Central banks should have operational independence if they are to effectively implement a feasible monetary policy framework.
These were the remarks of Prof. Emmanuel Mutebile, the Governor Bank of Uganda during a two-day International Monetary Fund-BoU conference under theme “Transition to modern monetary policy frameworks in low income countries” held at the commonwealth resort in Munyonyo recently.
He explained that a Central bank must be allowed to set the policy interest rate to best achieve its monetary policy objectives without interference from other institutions or persons.
“A central bank which does not have operational independence would risk having its monetary policy influenced by other institutions or persons with objectives other than price stability, which would obviously weaken the central bank’s ability to control inflation,” he said.
Mutebile adds that statutory independence though necessary, is not a sufficient condition for the operational independence of the central bank.
“To be able to implement monetary policy in an independent manner, a central bank must also have sufficient instruments at its disposal, which it can use without having to seek the permission of other authorities.”
He notes that marketable instruments such as government securities should also be availed to the Central banks so that it can use them for monetary policy operations at its own discretion.

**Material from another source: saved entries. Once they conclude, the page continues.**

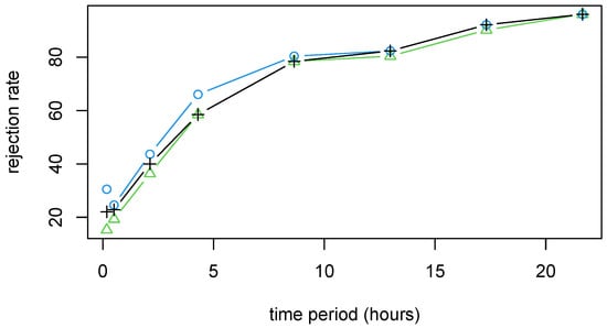 The above mentioned tests are at nominal level again this type of alternatives. For this, it is used here the random projection test [], which test the Gaussianity of the whole distribution of the process and not just of a finite dimensional marginal. For elaboration on it, see Section 3.2.
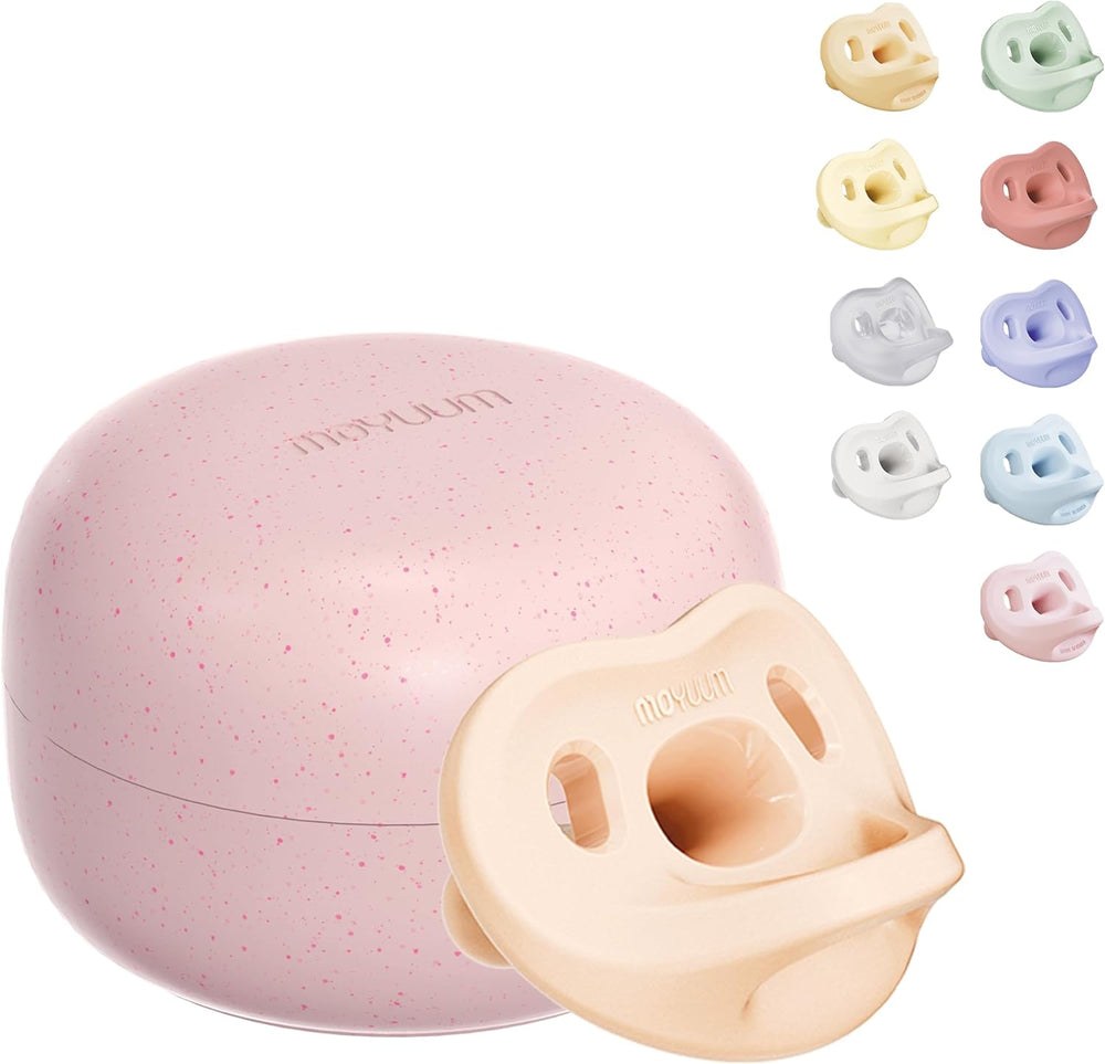 The Moyuum All-Silicone Macaron Pacifier Stage 2 – Pink is specially crafted for babies aged 3 to 6 months, offering a soft, natural, and soothing sucking experience. Made from premium food-grade silicone, it ensures maximum safety and comfort. The included protective case provides added hygiene and portability for daily use or travel.
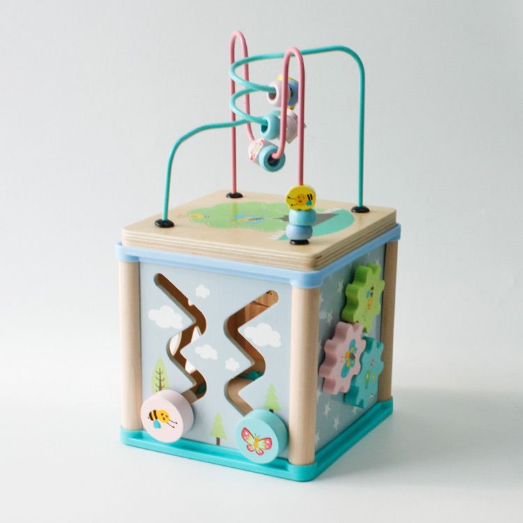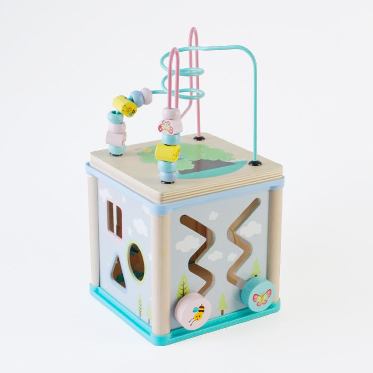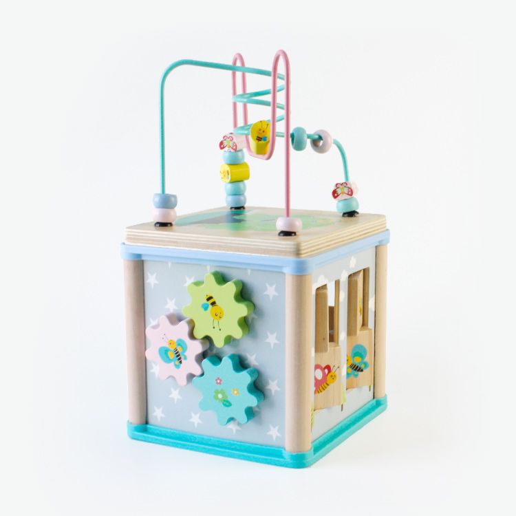 This fun little 5 in 1 activity cube will provide hours of fun for your little ones encouraging learning and development whilst playing. The 5 activities include: Rotatable butterflies, shape sorter, picture puzzles, bead maze and two movable cogs.
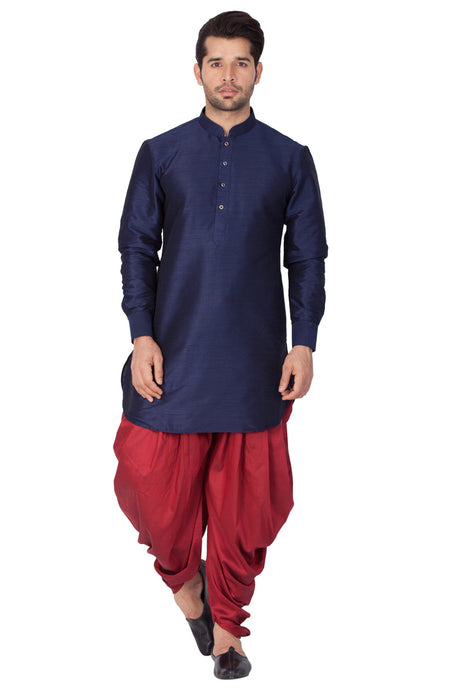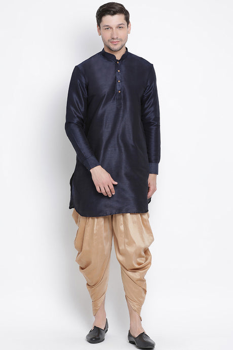 Men's Cotton Art Silk Kurta Set In Dark Blue
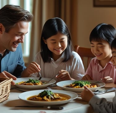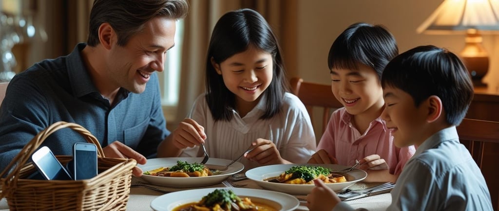 The scent of roasted vegetables fills the air. Plates clink softly as everyone sits down. Your phone is tucked away, their tablet is charging in the other room, and for the first time all day, there are no screens.
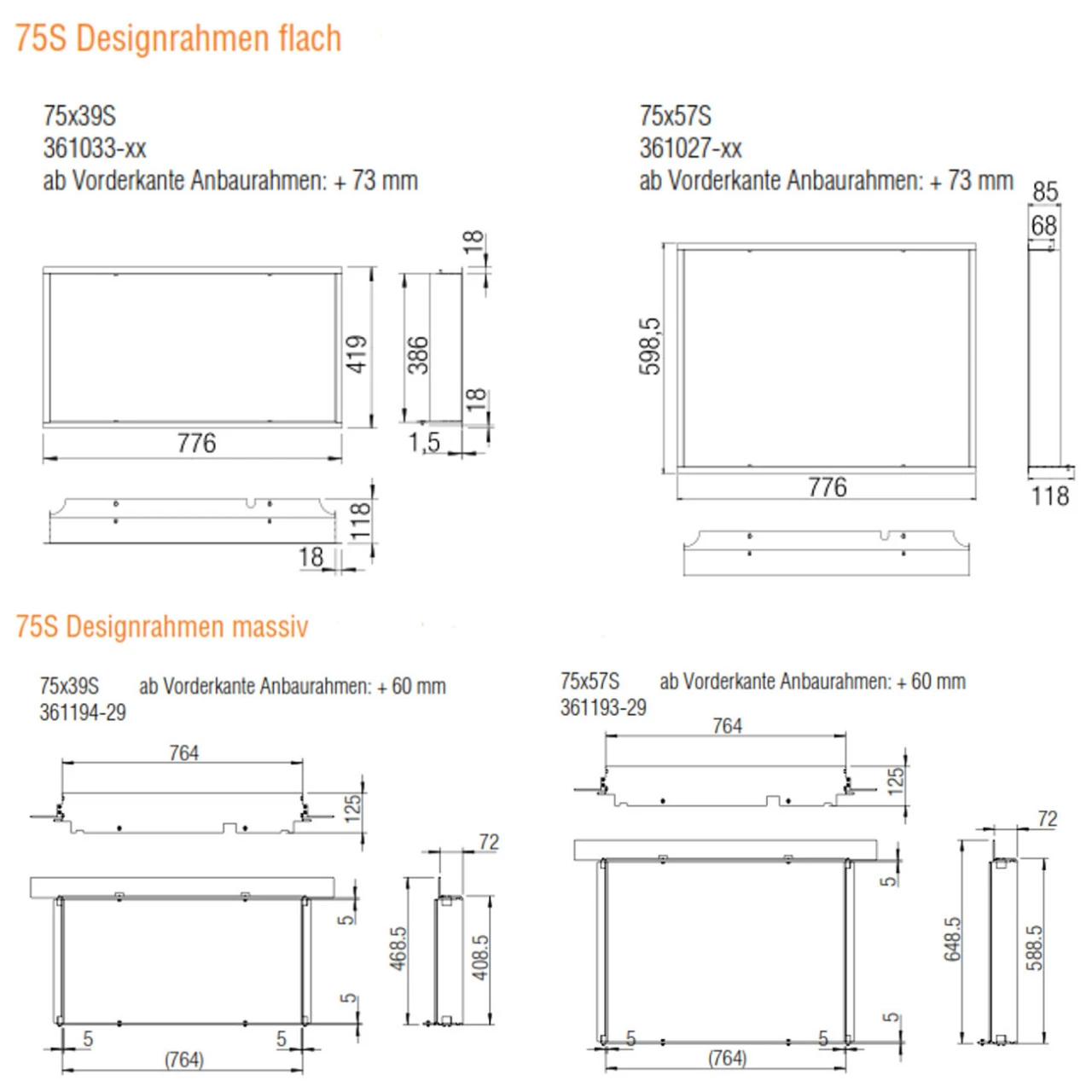 Designrahmen (Einbaurahmen) in Gussgrau (flach oder massiv – siehe Bilder)
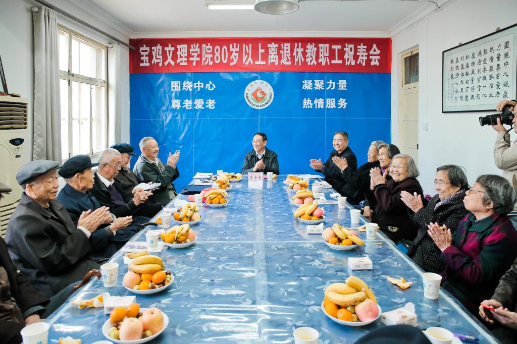 祝寿会上,李全武代表学校党委、行政和师生员工对今年年满80岁以上的离退休教职工及全体离退休教职工表示了崇高的敬意和亲切的慰问,感谢老同志们多年来对学校的理解与支持。他指出,离退休老同志是学校发展的建设者、参与者和贡献者,学校的每一步发展都凝聚着离退休老同志的心血、智慧和汗水,尊重离退休老同志就是尊重学校发展的历史。离退休老同志曾经的筚路蓝缕、艰苦创业、无私奉献,广大师生员工不会忘记。李全武向老寿星们通报了beat365官网提升办学层次、创建高水平宝鸡大学的主要工作,希望离退休老同志一如既往地关心支持学校发展,积极建言献策,大家共同努力把我们的学校和家园建设得更好、更美丽。他表示,学校将继续关心老同志的生活,希望离退处的同志们继续坚持正确的工作理念,用爱心、热心、耐心、细心为老同志做好服务工作,对老同志在政治上多关心、思想上多沟通、生活上多照顾、精神上多关怀,使离退休工作达到“四个满意”,即离退休职工满意、学校领导满意、离退休职工家属满意和师生员工满意。最后,他祝愿老同志们身体健康、生活幸福、万事如意!
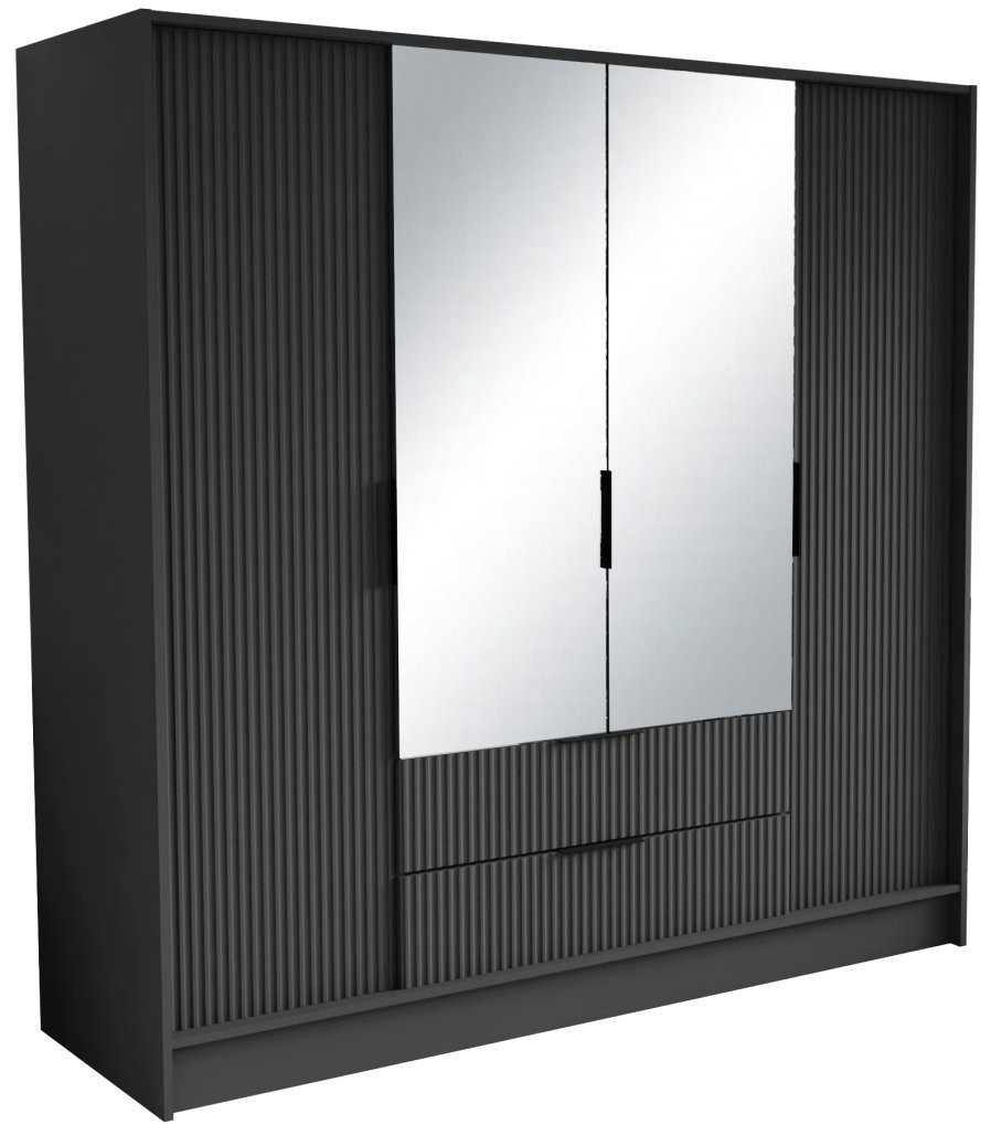 Garderobni ormar s ogledalom Norel 200 cm (grafit) predstavlja elegantno i suvremeno rješenje za pohranu vaše odjeće i dodataka. Valovita struktura i veliko ogledalo prostoru dodaju dubinu i funkcionalnost. Ormar je dostupan u više kombinacija boja i dimenzija, što omogućava potpunu prilagodbu vašim potrebama.

“One possible channel through which Government securities could be transferred to the central bank is through the capitalization of the central bank, as has occurred in Uganda,” he points out.
The IMF and Bank of Uganda organized workshop was convened to discuss the transition to modern monetary policy frameworks in low income economies in Africa. In essence, the discussion centered on the shift from a monetary targeting framework and, in a few cases, a fixed exchange rate framework, to an inflation targeting monetary policy framework.
Under the monetary targeting framework which the Inflation Targeting replaced, implementation involved primary issuances of government securities to align the quantity of reserve money, which was the operating target in the framework, with predetermined targets.
Explaining this, Dr. Louis Kasekende, the Deputy Governor Bank of Uganda said that the reason for the shift is mainly because the central bank needs to be able to influence closely, short term money market interest rates as the first step in the interest rate transmission mechanism.
“Secondary market operations give the central bank the flexibility to intervene every day in the money market if required and they also give the central bank the option of intervening with a fixed interest rate instead of a fixed quantity of money or securities.”
He added, “There is need to clearly differentiate monetary policy operations from fiscal policy operations. Under the monetary targeting framework, all primary issues of government securities were used to mop up liquidity in order to achieve a reserve money target, irrespective of the source of that liquidity.”
Prof. Mutebile however adds that for an inflation targeting central bank, it is imperative that government does not systematically borrow to finance the budget because this risks undermining monetary policy
This therefore implies that government has to be prepared to fully fund its domestic borrowing from the market and avoid borrowing from the Central Bank if Inflation Targeting is to be effective.
“Preferably there should be constraints on Government borrowing from the central bank set out in legislation. In Uganda we have such an agreement in principle.”